>>>>>

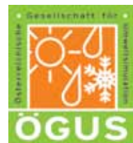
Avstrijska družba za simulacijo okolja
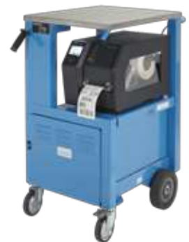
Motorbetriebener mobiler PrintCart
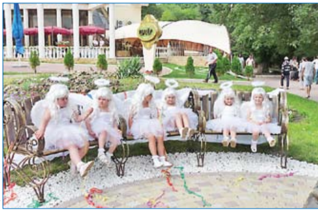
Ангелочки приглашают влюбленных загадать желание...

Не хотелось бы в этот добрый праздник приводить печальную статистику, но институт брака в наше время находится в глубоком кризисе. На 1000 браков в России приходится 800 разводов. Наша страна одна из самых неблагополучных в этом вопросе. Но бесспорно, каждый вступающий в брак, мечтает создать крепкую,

<<<<<
>>>>>

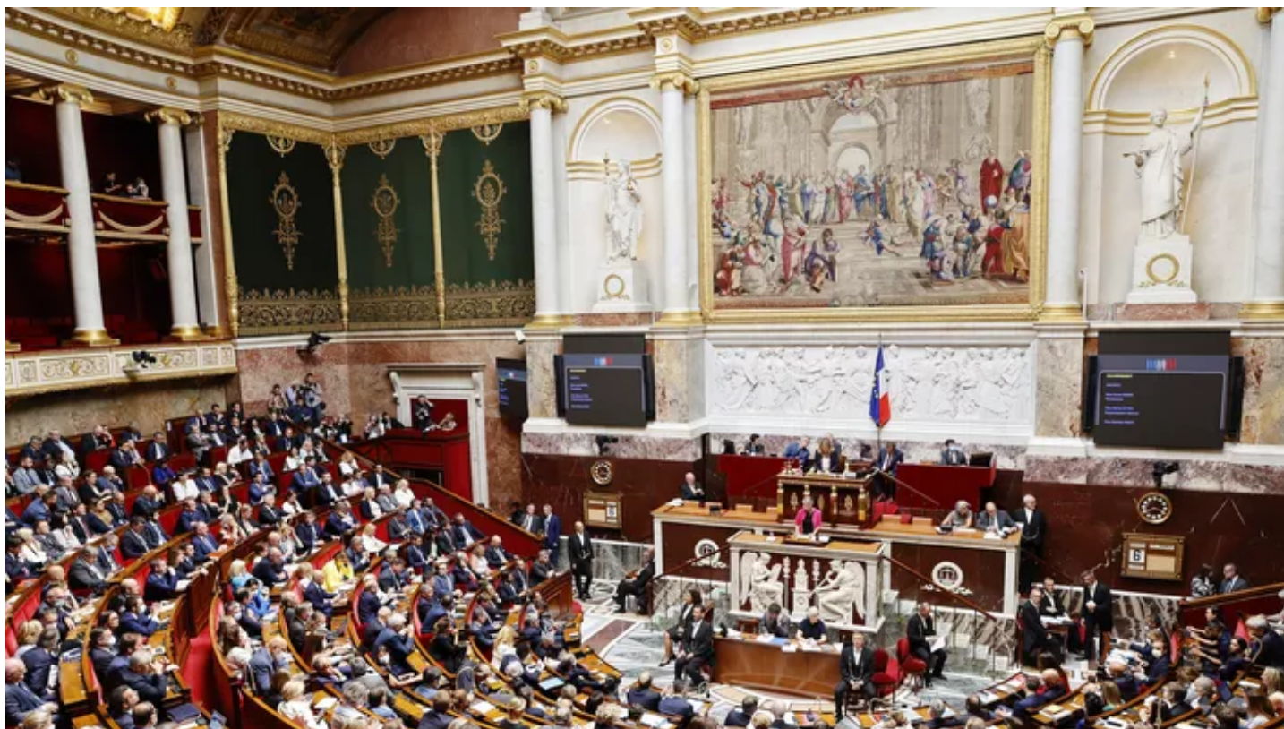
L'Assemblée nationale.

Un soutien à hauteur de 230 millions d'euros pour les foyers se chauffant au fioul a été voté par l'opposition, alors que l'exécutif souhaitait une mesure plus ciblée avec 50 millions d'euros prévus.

<<<<<
>>>>>

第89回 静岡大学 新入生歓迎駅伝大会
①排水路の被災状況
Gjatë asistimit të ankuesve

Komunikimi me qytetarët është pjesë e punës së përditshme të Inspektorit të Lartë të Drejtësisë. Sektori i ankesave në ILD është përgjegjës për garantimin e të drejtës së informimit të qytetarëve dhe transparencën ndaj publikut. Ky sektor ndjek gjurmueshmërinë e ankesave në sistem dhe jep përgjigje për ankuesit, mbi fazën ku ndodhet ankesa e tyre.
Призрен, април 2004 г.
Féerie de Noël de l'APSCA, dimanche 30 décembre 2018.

<<<<<

▶ HOW TO COMPLETE THIS TASK
Give back exactly the lines above from the one with "Avstrijska družba za simulacijo okolja" through the one with "Ангелочки приглашают влюбленных", both included. Pictures don't belong in the copy.

▶ SOLUTION BELOW
Avstrijska družba za simulacijo okolja
Motorbetriebener mobiler PrintCart
Ангелочки приглашают влюбленных загадать желание...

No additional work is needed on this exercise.